The report will focus on the details of the scene that are "preventable and controllable": firstly, pedestrian vehicle mixed traffic and temporary obstacles overlapping, causing blind spots and injuries when turning right/reversing; Secondly, during platform docking and high cargo space operations, drivers skip actions such as "complete stop confirmation" and "turning around to observe" in order to catch up with the pace; Thirdly, during shift handover and outsourcing operations, visitors or new personnel may not be familiar with the channel rules, resulting in 'unexpected crossing'. The author describes the structural problems behind the accident as "crushed by silence": scattered events, sensitive topics, and complex accountability chains have prevented many near miss incidents and minor injuries from being institutionalized for improvement.

In terms of prevention suggestions, the article has proposed a consistent path with multiple safety research channels: firstly, hard constraints on training and qualifications - setting periodic training and scenario based drills for drivers, ground pedestrians, and team leaders respectively; The second is layout and organizational optimization - fixing sidewalks and buffer zones, adding speed limit/yield prompts at the outer edge of channel turns, and setting standard action cards for "entering confirmation dropping fork resetting leaving position" in the loading and unloading area; The third is technological integration - using automatic speed limit for turning, pedestrian warning, blue/red spotlights and other driving assistance at the forklift end, and introducing electronic fences and event recording for dangerous areas in the warehouse. These practices are mutually confirmed with INAIL's technical data on "Forklift Accident Mechanism and Protection Points".

It is worth reiterating that forklift accidents are not just a "driver's problem". According to industry analysis, over half of the injury incidents are related to site organization, path design, work pace, and contracting division, such as temporary occupation of outsourcing channels during peak picking hours, reverse driving caused by emergency replenishment, and intrusion of stacking cargo space into turning radius. The dynamic data review released by INAIL in 2025 also suggests that without stricter process control (including contractor coordination and external work permits), the accident curve is difficult to significantly decline.

From the perspective of industry implementation, the "three-step method" proposed by the topic is executable: the first step is to use near loss events and minor injury cases for "visual analysis" to transform implicit risks into a map that the team can understand; The second step is to redesign the site and process based on noise reduction (reducing conflict points, reducing blind spots, and stabilizing the pace), followed by setting speed limits and giving way to other on-site regulations; Step three, overlay the driving assistance and pedestrian warning systems according to risk zones, and conduct a closed-loop review with KPI dashboards and event replays. Instead of being swept up by "scattered accidents", it is better to incorporate "hidden injuries" into institutionalized governance and use data and engineering methods to "rivet" risks on site.

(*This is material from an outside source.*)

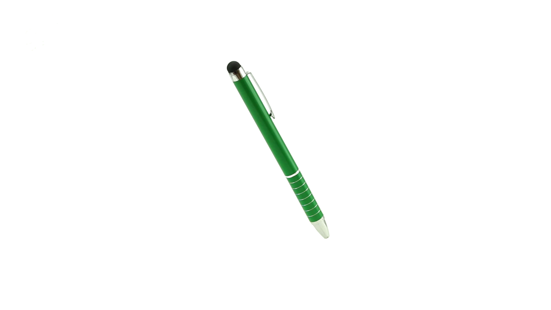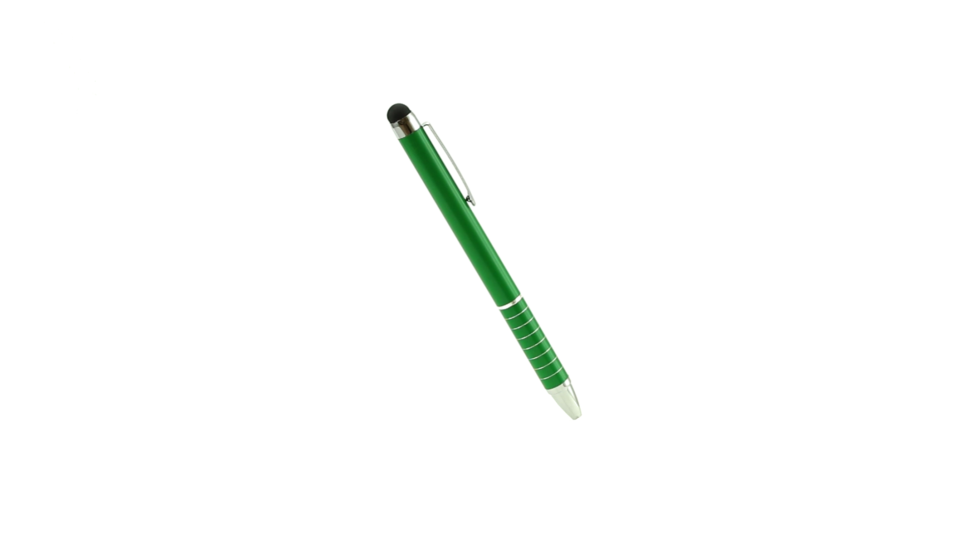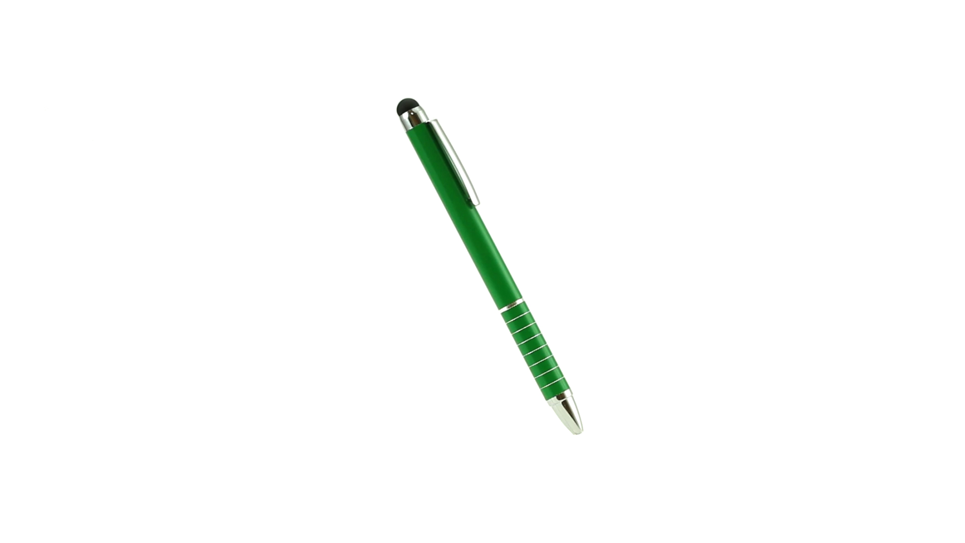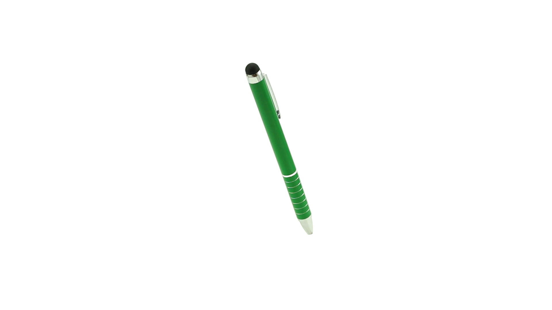 Dreh-Kugelschreiber mit Aluminiumgehäuse in Metallic-Ausführung in kräftigen Farben. Mit Stylus. Kontrastelemente und Ringe in Silber. Origineller Ring-Griff und blaue Tinte.

Taking August 29, 2025 as the timeline, this report sends a clear signal in occupational safety discussions in Italy: forklift accidents are not "occasional individual negligence," but rather a tripartite mirror of organization, training, and technology. Only by incorporating the "invisible" near misses and minor mistakes into statistics and reviews can death and serious injuries truly move down the curve. For European warehouse and manufacturing companies experiencing labor shortages and multi shift pressures, this is both a safety and operational red line.